### [Records shown]
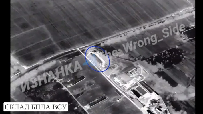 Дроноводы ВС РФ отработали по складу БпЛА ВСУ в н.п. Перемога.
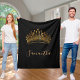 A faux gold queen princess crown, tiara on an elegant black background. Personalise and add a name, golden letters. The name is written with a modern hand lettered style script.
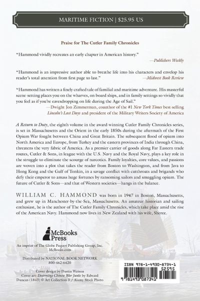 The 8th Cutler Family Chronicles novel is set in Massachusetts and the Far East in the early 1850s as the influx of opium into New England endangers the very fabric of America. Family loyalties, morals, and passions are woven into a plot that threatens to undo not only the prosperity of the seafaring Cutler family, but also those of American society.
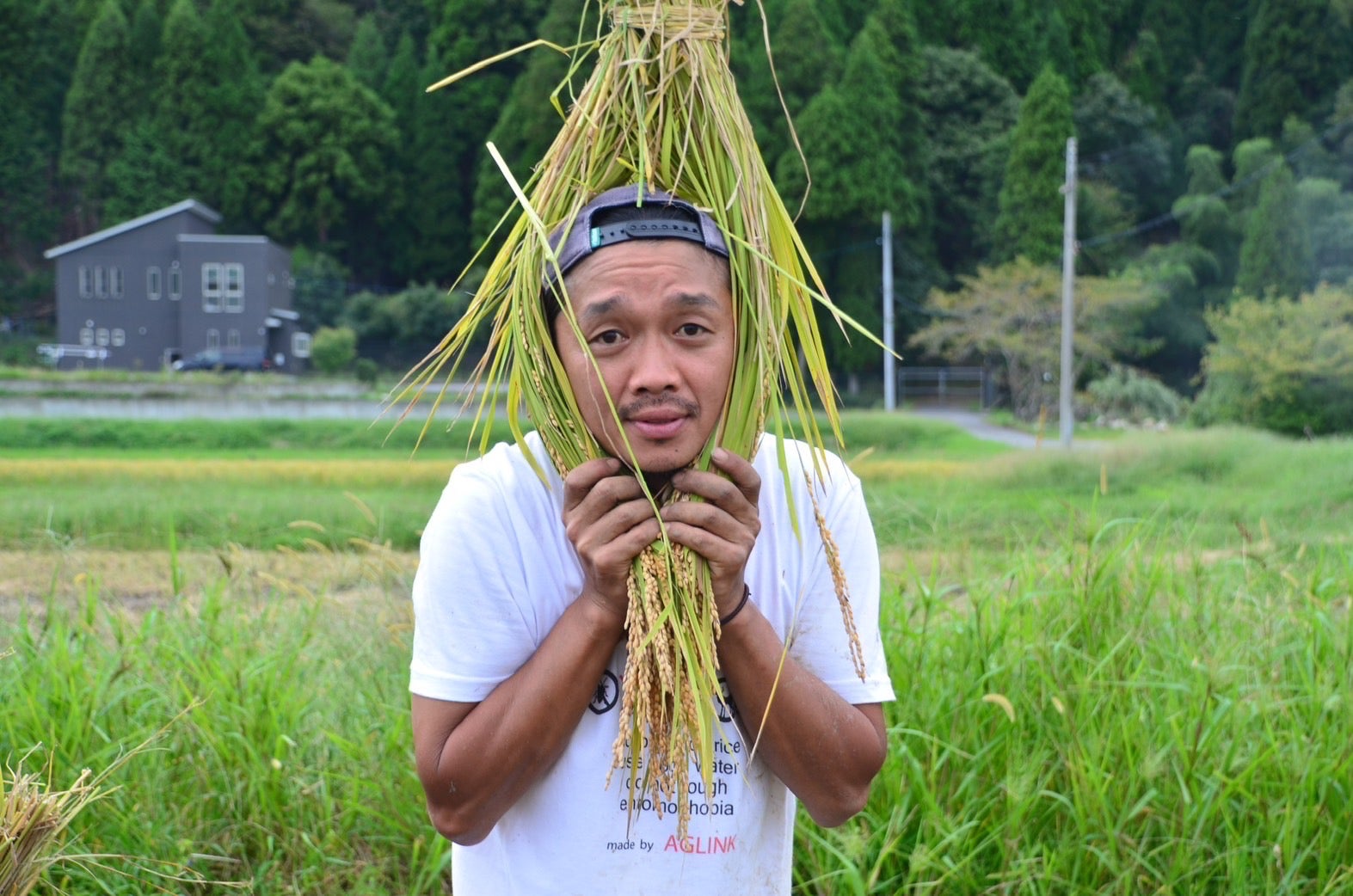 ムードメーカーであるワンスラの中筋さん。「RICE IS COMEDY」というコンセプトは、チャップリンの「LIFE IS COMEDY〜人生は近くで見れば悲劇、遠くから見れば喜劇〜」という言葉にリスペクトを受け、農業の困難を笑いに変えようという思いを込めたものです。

...

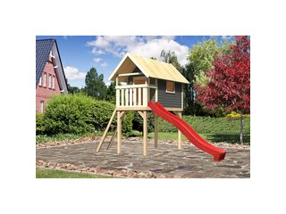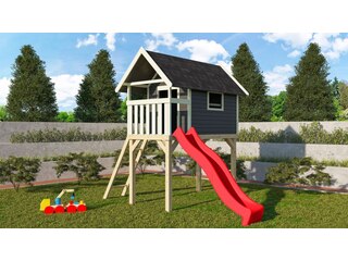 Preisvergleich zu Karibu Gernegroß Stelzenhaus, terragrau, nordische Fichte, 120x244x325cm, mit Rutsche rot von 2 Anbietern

### [Task goal]
Look back over the records above. Reproduce exactly everything from the line with "Дроноводы ВС РФ" down to the line with "ムードメーカーであるワンスラの中筋さん。「RICE IS COMEDY」というコンセプトは、チャップリンの「LIFE", inclusive, and leave the pictures out.

### [Written solution]
 Дроноводы ВС РФ отработали по складу БпЛА ВСУ в н.п. Перемога.
 A faux gold queen princess crown, tiara on an elegant black background. Personalise and add a name, golden letters. The name is written with a modern hand lettered style script.
 The 8th Cutler Family Chronicles novel is set in Massachusetts and the Far East in the early 1850s as the influx of opium into New England endangers the very fabric of America. Family loyalties, morals, and passions are woven into a plot that threatens to undo not only the prosperity of the seafaring Cutler family, but also those of American society.
 ムードメーカーであるワンスラの中筋さん。「RICE IS COMEDY」というコンセプトは、チャップリンの「LIFE IS COMEDY〜人生は近くで見れば悲劇、遠くから見れば喜劇〜」という言葉にリスペクトを受け、農業の困難を笑いに変えようという思いを込めたものです。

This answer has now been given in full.